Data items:
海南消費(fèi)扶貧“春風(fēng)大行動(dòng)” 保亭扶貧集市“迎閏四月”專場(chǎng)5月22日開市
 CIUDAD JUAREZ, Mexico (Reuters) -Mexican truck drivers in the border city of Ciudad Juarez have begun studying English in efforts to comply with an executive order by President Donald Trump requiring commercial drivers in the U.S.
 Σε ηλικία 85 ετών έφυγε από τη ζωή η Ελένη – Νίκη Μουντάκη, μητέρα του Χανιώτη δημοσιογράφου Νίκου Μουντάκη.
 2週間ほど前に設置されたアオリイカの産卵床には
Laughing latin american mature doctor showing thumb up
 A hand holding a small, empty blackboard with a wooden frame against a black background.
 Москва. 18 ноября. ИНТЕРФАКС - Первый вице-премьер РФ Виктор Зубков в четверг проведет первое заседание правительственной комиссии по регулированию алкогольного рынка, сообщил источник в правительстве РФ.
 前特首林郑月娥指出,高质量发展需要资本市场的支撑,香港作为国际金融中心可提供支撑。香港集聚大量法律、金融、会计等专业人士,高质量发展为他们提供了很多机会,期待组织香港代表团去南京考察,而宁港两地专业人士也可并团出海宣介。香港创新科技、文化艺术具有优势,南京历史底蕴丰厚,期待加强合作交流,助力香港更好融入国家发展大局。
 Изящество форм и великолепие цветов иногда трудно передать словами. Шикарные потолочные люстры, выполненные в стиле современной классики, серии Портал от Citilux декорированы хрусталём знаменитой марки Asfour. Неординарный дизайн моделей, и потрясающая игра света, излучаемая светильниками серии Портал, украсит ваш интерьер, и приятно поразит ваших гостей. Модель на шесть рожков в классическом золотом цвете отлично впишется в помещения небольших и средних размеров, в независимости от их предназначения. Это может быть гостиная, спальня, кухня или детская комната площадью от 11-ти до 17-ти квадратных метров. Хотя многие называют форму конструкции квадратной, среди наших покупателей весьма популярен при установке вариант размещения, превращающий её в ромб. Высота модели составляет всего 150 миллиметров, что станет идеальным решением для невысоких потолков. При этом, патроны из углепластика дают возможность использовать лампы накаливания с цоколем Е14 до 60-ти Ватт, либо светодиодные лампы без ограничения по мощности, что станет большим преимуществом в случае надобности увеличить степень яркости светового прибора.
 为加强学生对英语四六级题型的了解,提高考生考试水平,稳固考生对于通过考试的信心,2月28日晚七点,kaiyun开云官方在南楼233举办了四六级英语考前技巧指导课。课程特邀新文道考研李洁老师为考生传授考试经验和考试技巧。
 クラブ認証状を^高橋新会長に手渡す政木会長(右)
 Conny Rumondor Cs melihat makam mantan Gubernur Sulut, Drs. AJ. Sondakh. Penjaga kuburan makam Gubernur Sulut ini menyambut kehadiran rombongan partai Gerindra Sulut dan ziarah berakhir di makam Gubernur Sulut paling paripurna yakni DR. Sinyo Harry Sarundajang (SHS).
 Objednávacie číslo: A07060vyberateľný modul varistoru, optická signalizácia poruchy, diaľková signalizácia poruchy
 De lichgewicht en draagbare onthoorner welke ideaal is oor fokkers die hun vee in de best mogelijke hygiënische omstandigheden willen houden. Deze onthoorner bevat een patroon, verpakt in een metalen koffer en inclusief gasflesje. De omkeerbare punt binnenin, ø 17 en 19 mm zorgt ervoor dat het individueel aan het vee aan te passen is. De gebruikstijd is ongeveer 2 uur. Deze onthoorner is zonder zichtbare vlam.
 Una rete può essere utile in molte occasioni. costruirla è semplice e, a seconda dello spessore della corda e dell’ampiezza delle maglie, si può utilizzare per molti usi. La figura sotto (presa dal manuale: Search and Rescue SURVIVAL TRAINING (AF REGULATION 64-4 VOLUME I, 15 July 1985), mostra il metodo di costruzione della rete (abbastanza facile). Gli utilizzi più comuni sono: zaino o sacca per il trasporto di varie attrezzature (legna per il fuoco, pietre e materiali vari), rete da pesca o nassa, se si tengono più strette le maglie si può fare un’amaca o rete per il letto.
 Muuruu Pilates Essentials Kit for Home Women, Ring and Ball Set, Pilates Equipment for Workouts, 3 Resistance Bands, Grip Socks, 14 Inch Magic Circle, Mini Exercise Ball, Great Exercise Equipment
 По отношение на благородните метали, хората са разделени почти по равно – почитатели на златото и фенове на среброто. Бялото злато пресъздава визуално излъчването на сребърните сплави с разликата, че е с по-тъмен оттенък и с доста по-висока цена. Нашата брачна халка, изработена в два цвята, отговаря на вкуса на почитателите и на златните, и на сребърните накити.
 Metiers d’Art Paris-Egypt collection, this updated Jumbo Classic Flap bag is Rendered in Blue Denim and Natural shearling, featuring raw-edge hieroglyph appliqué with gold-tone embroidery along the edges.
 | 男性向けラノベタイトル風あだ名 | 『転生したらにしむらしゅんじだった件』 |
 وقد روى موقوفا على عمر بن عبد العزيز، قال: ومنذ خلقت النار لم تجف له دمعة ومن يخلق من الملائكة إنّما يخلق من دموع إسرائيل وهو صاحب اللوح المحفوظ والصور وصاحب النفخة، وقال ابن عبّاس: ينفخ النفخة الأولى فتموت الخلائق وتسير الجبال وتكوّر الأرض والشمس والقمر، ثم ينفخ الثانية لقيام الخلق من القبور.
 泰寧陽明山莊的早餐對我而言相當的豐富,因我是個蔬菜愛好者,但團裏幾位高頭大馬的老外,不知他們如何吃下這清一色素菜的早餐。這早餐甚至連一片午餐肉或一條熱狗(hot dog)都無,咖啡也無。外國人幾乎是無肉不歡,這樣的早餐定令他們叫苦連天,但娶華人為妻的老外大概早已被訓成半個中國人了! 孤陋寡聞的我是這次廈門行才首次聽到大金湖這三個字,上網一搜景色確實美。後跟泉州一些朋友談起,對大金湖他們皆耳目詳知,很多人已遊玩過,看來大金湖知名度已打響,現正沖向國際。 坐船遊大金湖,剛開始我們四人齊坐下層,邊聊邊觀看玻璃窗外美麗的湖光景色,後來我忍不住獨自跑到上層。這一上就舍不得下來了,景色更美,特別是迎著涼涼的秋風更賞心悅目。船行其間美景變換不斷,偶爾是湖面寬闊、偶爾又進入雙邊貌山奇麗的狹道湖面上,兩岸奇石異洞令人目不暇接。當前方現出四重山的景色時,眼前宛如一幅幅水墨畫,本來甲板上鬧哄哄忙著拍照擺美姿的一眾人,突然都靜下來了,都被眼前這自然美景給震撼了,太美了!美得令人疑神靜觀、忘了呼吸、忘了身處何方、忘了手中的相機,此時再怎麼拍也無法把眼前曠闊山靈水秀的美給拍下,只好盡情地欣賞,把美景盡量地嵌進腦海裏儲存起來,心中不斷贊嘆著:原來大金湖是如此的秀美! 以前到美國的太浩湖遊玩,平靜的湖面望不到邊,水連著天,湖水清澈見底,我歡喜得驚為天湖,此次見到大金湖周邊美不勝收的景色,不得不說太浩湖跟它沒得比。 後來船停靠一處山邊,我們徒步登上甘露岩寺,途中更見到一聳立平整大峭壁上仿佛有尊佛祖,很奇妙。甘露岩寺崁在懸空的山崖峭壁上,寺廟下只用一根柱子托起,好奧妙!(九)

> TASK GOAL: Find "with" in the preceding records. Copy each line that holds it.

> OUTPUT BELOW:
 CIUDAD JUAREZ, Mexico (Reuters) -Mexican truck drivers in the border city of Ciudad Juarez have begun studying English in efforts to comply with an executive order by President Donald Trump requiring commercial drivers in the U.S.
 A hand holding a small, empty blackboard with a wooden frame against a black background.
 Metiers d’Art Paris-Egypt collection, this updated Jumbo Classic Flap bag is Rendered in Blue Denim and Natural shearling, featuring raw-edge hieroglyph appliqué with gold-tone embroidery along the edges.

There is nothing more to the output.